## EXERCISE REQUIREMENTS:
Your copy begins at the line with "Black medium gourmet" and runs through the end of the data below. Set down only those lines exactly, without pictures.

## THE INPUT:
- Opening Delimiter -
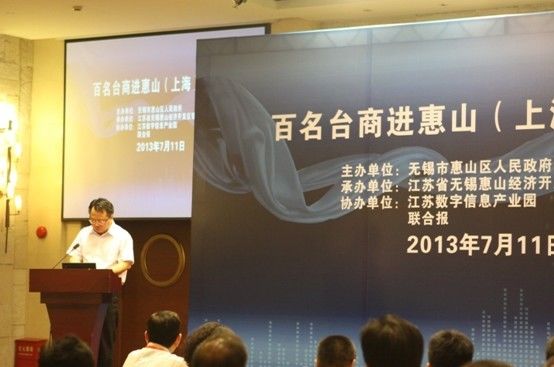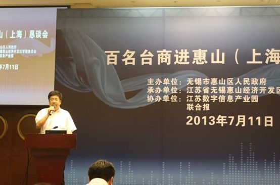 7月11日下午,由惠山區人民政府主辦、惠山經濟開發區管委承辦、江蘇數字信息產業園和聯合報協辦的“百名臺商進惠山”活動啟動儀式暨懇談會在在上海華納酒店國際會議中心舉行。區領導楊建平、吳燕、沈偉良、浦明峰、張勝良、秦萬興等,臺資企業代表劉陳華、黃進能、胡寶妮等,還有各個園區的負責人出席了會議。會議由惠山區副區長吳燕主持。
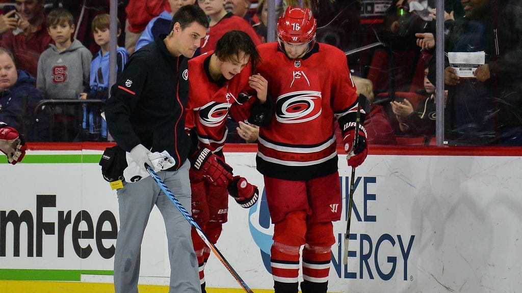Aho jouduttiin taluttamaan pukusuojaan, eikä hän palannut jäälle. Hurricanes ei ole kommentoinut suomalaishyökkääjän tilaa sen jälkeen.
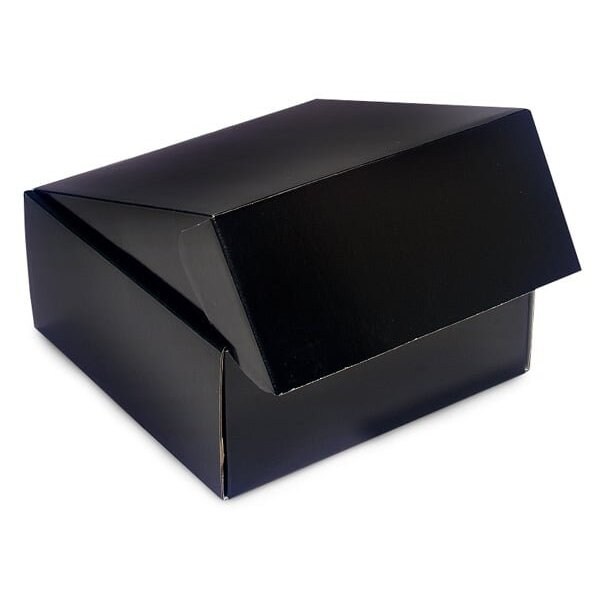 Black medium gourmet shipping boxes for packaged gifts. These rigid boxes are 1 piece with a fold over, locking tuck lid. Outer dimensions are: 9 3/4 x 9 3/8 x 4 1/4. Sold in a small pack of 6.
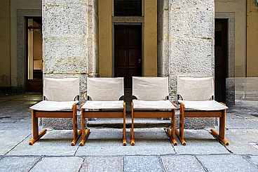 4 Sedie in faggio e pelle bianca di Poliform, anni '80
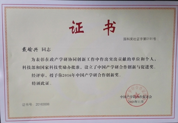 区块链游戏 戴瑜兴教授荣获2016年中国产学研合作创新奖,这是继李校堃校长于2015年获此殊荣后区块链游戏 教授再次获得该奖项。
- Closing Delimiter -
## RESPONSE TO THE EXERCISE:
 Black medium gourmet shipping boxes for packaged gifts. These rigid boxes are 1 piece with a fold over, locking tuck lid. Outer dimensions are: 9 3/4 x 9 3/8 x 4 1/4. Sold in a small pack of 6.
 4 Sedie in faggio e pelle bianca di Poliform, anni '80
 区块链游戏 戴瑜兴教授荣获2016年中国产学研合作创新奖,这是继李校堃校长于2015年获此殊荣后区块链游戏 教授再次获得该奖项。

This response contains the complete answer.